Я знаю, что он прав. Сырок говорит о революционерах-половинках. Гумилев бы назвал их субпассионариями, то есть людьми, готовыми рискнуть, чтобы изменить своё материальное положение. Они могут сколько угодно ходить на митинги, писать гневные статьи, избить кого-нибудь, кинуть коктейль Молотова... это тоже, в общем-то, неплохо, но все эти поступки оставляют путь к отступлению. Тогда как истина чрезвычайно проста:
- Тысячами незримых нитей обвивает тебя Закон. Разрубишь одну - преступник. Десять - смертник. Все - Бог.
- Очень хорошая фраза. Это откуда? - оживляется Сырок.
Мне стыдно сказать, что она взята из подросткового фэнтези, поэтому я пожимаю плечами.
- Верно сказано! Ведь не убиённый же судья Чувашов своей волей приговаривал людей к десятилетним срокам, но закон. Нечто святое, беспрекословное, во имя чего можно совершить любые преступления. А ведь это всего лишь нить, которой незримо прошиты люди. И все марионетки в лапах государства...
Он взвешивает на руке гранату с опереньем, как у попугая:
- Но вот это сразу же разрубит все нити. Как только ты бросишь её, то окончательно поставишь себя вне закона. Нет пути назад. Впереди - либо десятки лет в тюрьме, либо смерть, а в лучшем случае изгнание. И вот на такие шаги, которые являются законченными, цельными, эсхатологическими... почти никто не отваживается. Они по-настоящему революционны. Это тот самый ницшеанский канат к сверхчеловеку, а ты - плясун на нём. Готов пройти до конца?
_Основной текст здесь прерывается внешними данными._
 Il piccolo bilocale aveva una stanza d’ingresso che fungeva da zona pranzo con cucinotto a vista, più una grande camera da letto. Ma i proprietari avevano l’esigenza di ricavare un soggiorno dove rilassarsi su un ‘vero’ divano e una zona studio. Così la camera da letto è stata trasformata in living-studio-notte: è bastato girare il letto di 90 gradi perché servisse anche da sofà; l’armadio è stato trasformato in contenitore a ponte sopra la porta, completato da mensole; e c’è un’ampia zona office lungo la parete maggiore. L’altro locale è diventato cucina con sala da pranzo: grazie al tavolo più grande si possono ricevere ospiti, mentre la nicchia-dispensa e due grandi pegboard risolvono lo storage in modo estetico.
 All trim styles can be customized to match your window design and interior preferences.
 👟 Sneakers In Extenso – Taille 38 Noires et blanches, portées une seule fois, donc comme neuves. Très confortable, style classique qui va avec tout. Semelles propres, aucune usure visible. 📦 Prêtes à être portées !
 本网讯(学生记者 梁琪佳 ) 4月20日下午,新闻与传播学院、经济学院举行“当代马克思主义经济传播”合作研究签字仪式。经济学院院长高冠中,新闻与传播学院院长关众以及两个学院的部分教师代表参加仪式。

Нет никакого торжественного момента, просто и чуть-чуть вспоминаю цитату из Заратустры:
- Сверхчеловек - смысл земли. Пусть же ваша воля говорит: да будет сверхчеловек смыслом земли!
Тогда он счастливо говорит:
- Разумеется, ты же не думаешь, что мы сделали эти снаряды лишь для того, чтобы закопать их в лесу до лучших времён?
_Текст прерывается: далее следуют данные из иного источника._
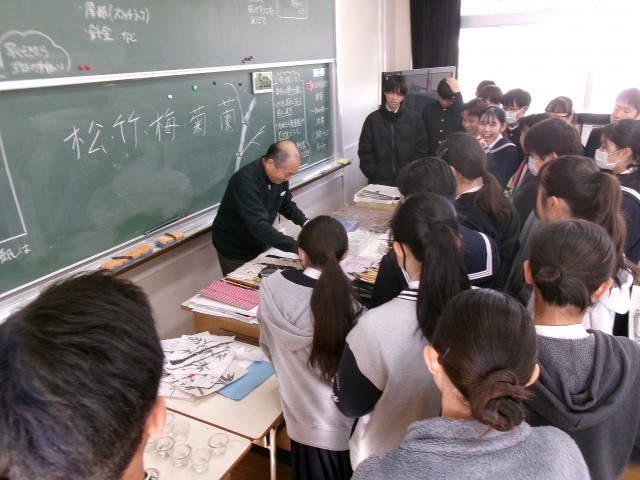 2年生が特別非常勤講師の青山利通先生に水墨画を教わっています。

- Я вообще стараюсь не думать. Это помогает осмыслить многие вещи.
- Сейчас тебе придётся соображать побыстрее.
Сырок с размаху ударил миной о ствол, отчего содрал кору, а затем бросил снаряд в присмотренный нами овраг. Мы рухнули в траву, которая щекотала нос несколько длинных секунд. Почему-то негромко рвануло, что-то свистнуло, в воздухе запахло порохом и гудящим резонирующим металлом. На месте разрыва тлела листва, от которой поднимался кислый, дурманящий запах адской машинки.
Сырок раздул мясистые русские ноздри и сказал:
- Люблю запах революции поутру.
- Как-то не очень рвануло.
- Это и радует, - бомбист утирает вспотевший лоб, - думал, а вдруг оторвёт руку, а она бы ещё пригодилась. Но если забросить в помещение, то сразу наступит праздник. А у нас ведь их целый ящик. На нём можно будет хорошо сыграть.
Мы затоптали расползающийся огонь, а то пропитанные смолой леса вспыхнули бы в это жаркое лето, как щечки гимназистки от любовного комплимента. Сырок как никогда весел и даже, увидев муравья, залезшего на ботинок, запел знакомую песенку:
- Муравей, муравей... ну куда же ты, дружок, своими грязными ногами в мой глазированный сырок!
Он практически счастлив и неожиданно достаёт два пистолета. Мне он протягивает револьвер с вздувшейся барабанной перепонкой, а себе оставляет братца-браунинга.